Implementing fixes: Turning findings into reality

Or: Why The Simulator Can’t Teach You About Change Management (But Can Teach You Everything Else)

The difference between simulation and reality

The UU P&L simulator demonstrates protocol vulnerabilities, exploitation techniques, and attack scenarios. It teaches reconnaissance, vulnerability assessment, and proof of concept development. It’s an excellent environment for learning OT security principles without risking actual infrastructure.

What the simulator cannot teach is the organisational, operational, and political reality of actually implementing security improvements in production OT environments.

In the simulator:

  • Changes are instant

  • Downtime costs nothing

  • Failed changes can be rolled back immediately

  • Nobody’s job depends on uptime

  • The university chancellor doesn’t receive angry phone calls

In reality:

  • Changes require six weeks of planning

  • Downtime costs €10,000 per hour

  • Failed changes might require physically rewiring equipment

  • Everyone’s job depends on uptime

  • The university chancellor definitely receives angry phone calls

This document explains what happens after you’ve learned protocol security with the simulator and need to implement improvements in actual facilities.

What the simulator teaches about fixes

The simulator demonstrates technical remediation:

Protocol security:

  • How to configure authentication where possible

  • What network segmentation looks like

  • How monitoring detects exploitation

  • What proper access controls prevent

Vulnerability understanding:

  • Why unauthenticated Modbus is exploitable

  • How S7 memory reading works

  • What anonymous OPC UA allows

  • Why protocol diversity increases attack surface

Testing methodology:

  • How to verify fixes work

  • How to test without breaking systems

  • What evidence proves remediation

  • How to validate security improvements

What the simulator doesn’t teach is the change management, testing procedures, stakeholder communication, and operational coordination required to implement these fixes in production.

Change management in OT

Change management in IT is often bureaucratic overhead. Change management in OT is operational necessity. The difference is that failed changes in IT might break email for a few hours. Failed changes in OT might shut down production or create safety hazards.

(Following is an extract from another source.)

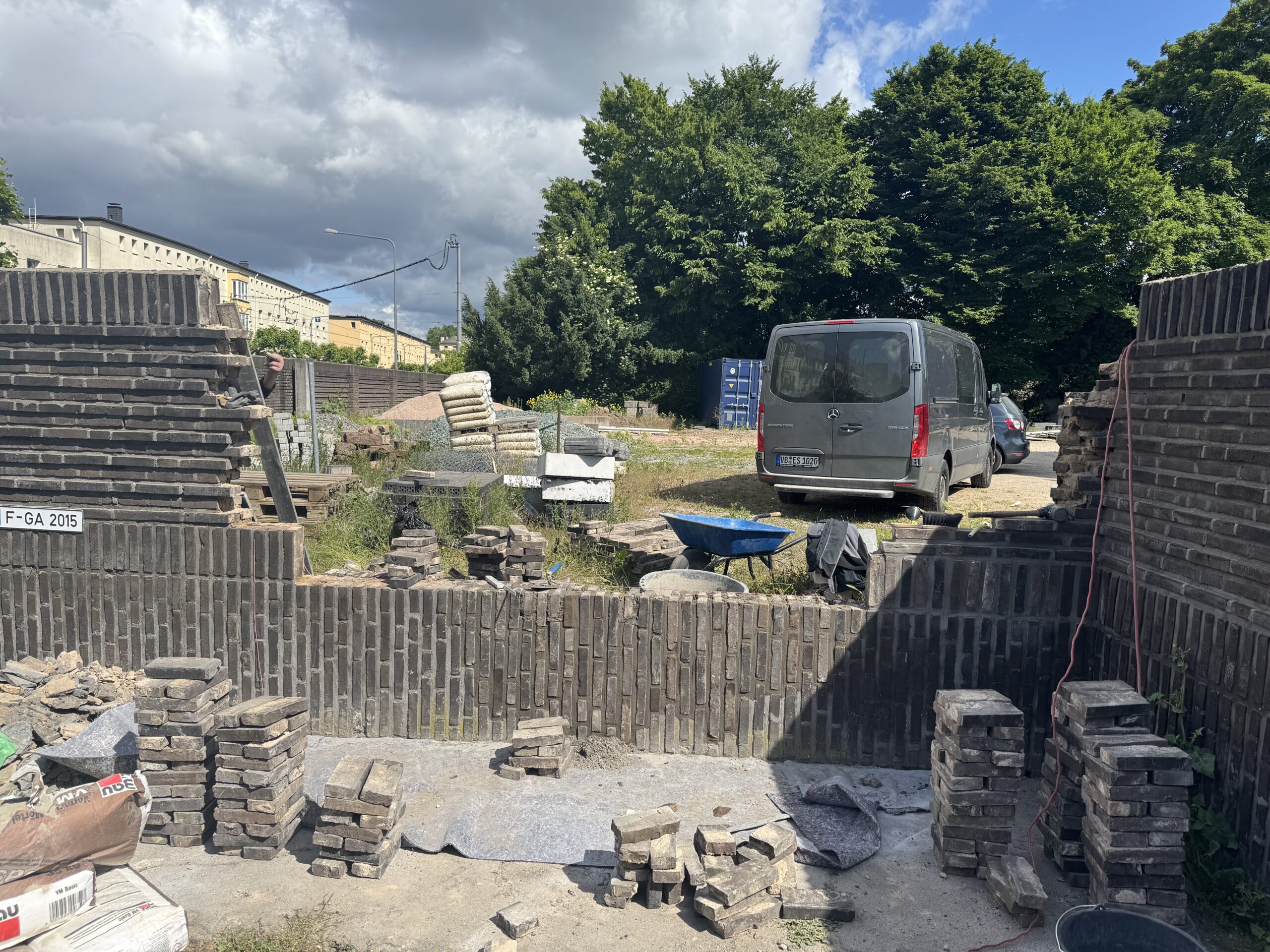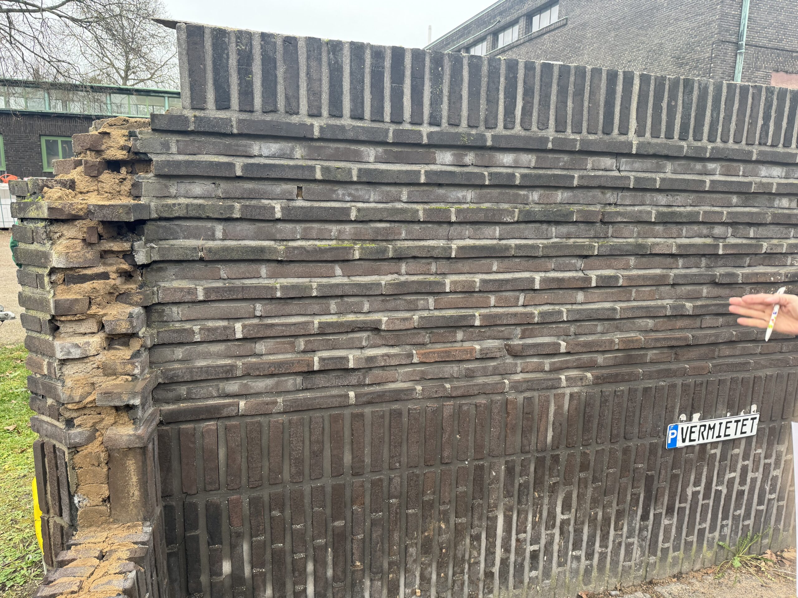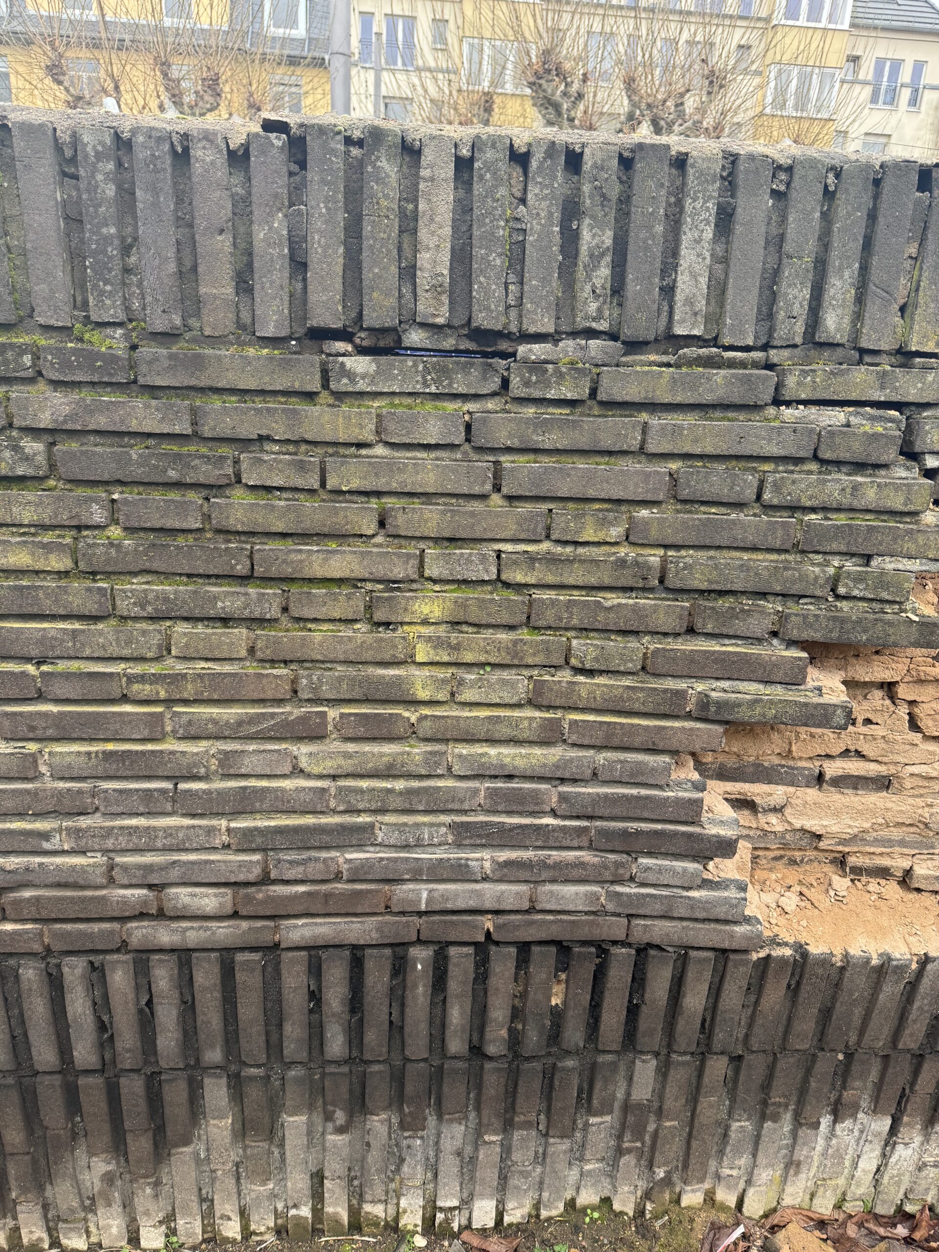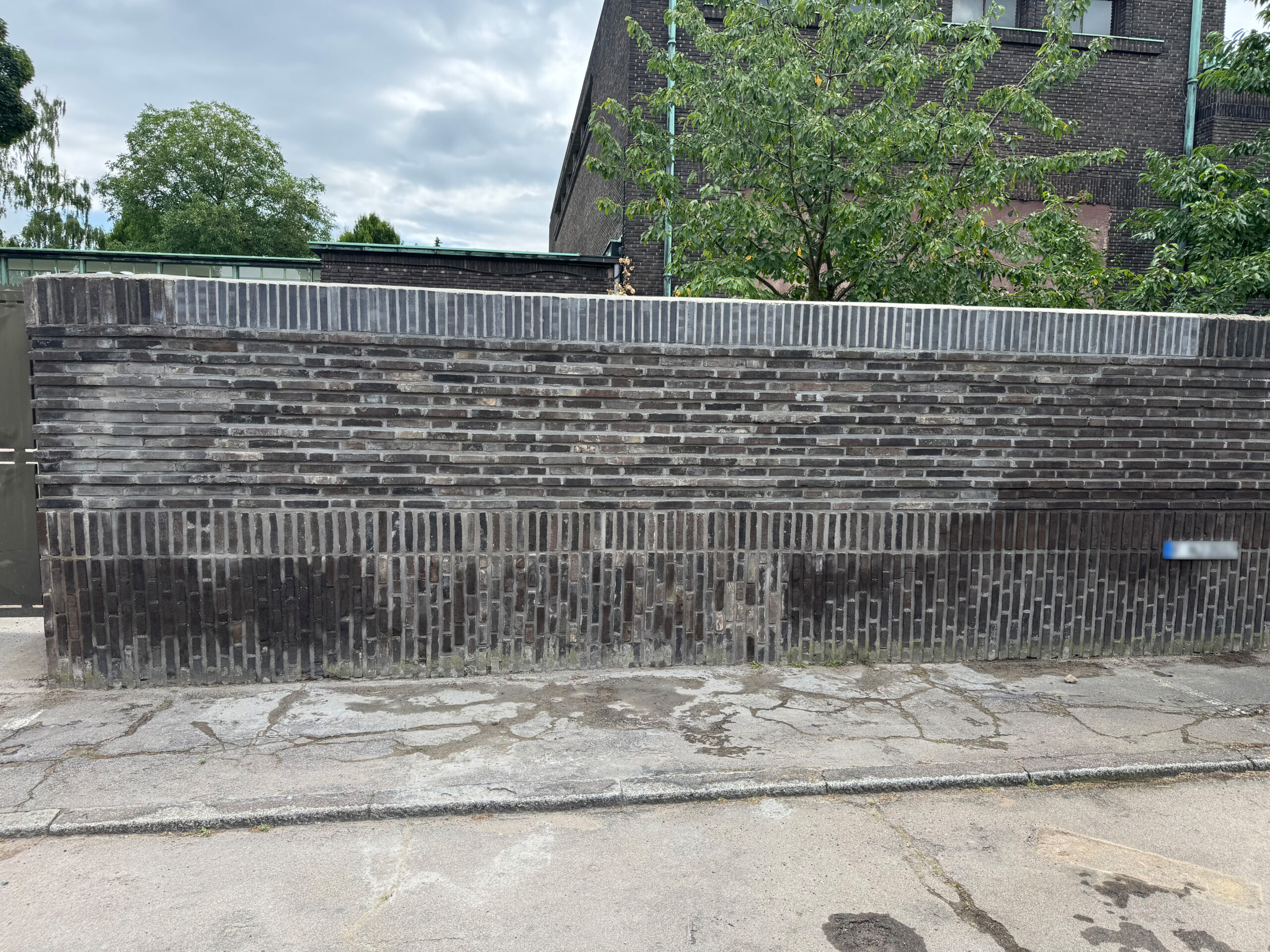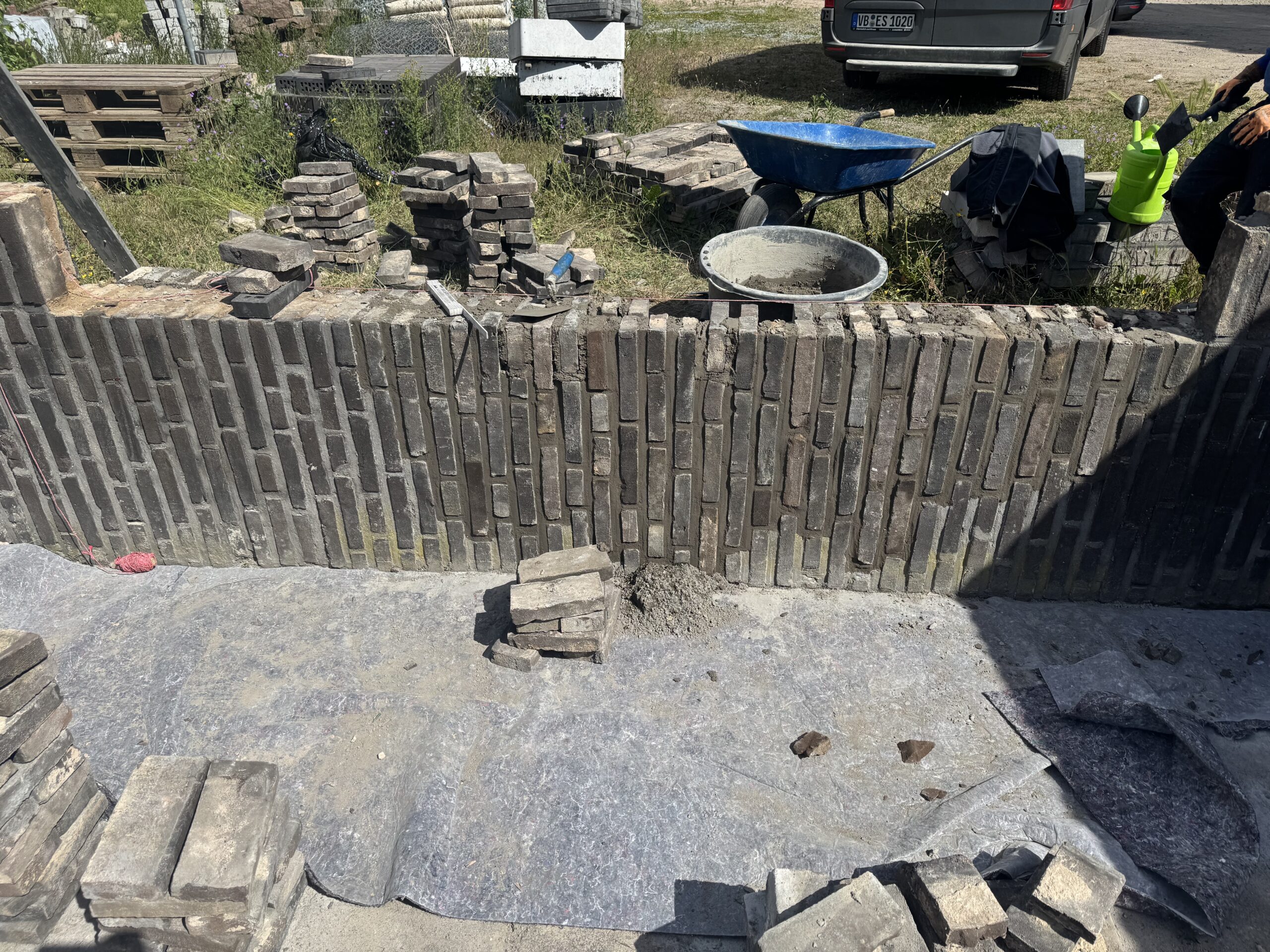 Die beschädigten Mauerbereiche wurden sorgfältig abgebrochen und entsorgt. Anschließend haben wir die Anschlussstellen fachgerecht gereinigt und die erhaltenen Klinkersteine zwischengelagert. Um das historische Erscheinungsbild und den Denkmalschutz zu wahren, wurden die originalen Steine später wieder vermauert und die Mauer so originalgetreu instandgesetzt.

At actual facilities (the sort Ponder worked with after learning on simulators), change management is formalised into effective procedures:

Change request documentation

Every change requires formal request including:

  • What’s changing and why

  • What systems are affected

  • What testing has been done

  • What the rollback plan is

  • What downtime is required

  • Who’s responsible

The request template is two pages, which seems bureaucratic until you realise that thinking through these questions before making changes prevents problems.

Risk assessment

Every change is assessed for:

  • Operational risk (could this break production?)

  • Safety risk (could this create hazards?)

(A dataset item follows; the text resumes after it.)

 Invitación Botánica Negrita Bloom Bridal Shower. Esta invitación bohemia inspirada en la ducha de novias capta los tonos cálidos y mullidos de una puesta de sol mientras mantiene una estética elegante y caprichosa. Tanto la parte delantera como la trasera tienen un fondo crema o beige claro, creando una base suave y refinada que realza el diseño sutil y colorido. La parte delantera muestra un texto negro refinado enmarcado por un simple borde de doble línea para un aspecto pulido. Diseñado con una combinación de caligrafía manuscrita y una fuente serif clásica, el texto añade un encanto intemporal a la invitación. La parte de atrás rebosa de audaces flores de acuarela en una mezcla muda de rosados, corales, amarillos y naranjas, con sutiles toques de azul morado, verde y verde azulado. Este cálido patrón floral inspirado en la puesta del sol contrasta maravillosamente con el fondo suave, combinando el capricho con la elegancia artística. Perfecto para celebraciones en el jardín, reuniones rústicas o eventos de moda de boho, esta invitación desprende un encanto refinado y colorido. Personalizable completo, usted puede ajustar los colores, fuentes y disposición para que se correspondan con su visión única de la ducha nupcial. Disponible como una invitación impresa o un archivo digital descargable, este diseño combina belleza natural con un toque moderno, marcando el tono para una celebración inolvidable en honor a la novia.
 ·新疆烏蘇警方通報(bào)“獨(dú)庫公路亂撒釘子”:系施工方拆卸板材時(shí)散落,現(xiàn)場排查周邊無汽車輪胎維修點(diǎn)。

  • Security risk (could this create new vulnerabilities?)

Changes are categorised as low, medium, or high risk with different approval requirements.

Testing requirements

Low-risk changes (password changes, configuration backups) require verification testing.

Medium-risk changes (firewall rule modifications, VLAN changes) require testing in isolated environment where possible and detailed verification in production.

High-risk changes (network segmentation, major system updates) require formal test plans with acceptance criteria.

Approval workflow

Low-risk: OT engineer approval

Medium-risk: Senior engineer and operations manager approval

High-risk: Engineering, operations, and management approval plus coordination with facility management

Maintenance windows

Routine changes happen during scheduled maintenance windows (typically first Sunday of each month, 06:00-14:00). Emergency changes follow expedited process but still require documentation and approval.

The definition of “emergency” must be refined early, otherwise someone will use the emergency process for non-urgent changes on Tuesday afternoon, which goes poorly.

Change log and audit trail

Every change is documented with before/after configurations, verification test results, and issues encountered. This creates institutional knowledge and makes troubleshooting easier when problems appear weeks later.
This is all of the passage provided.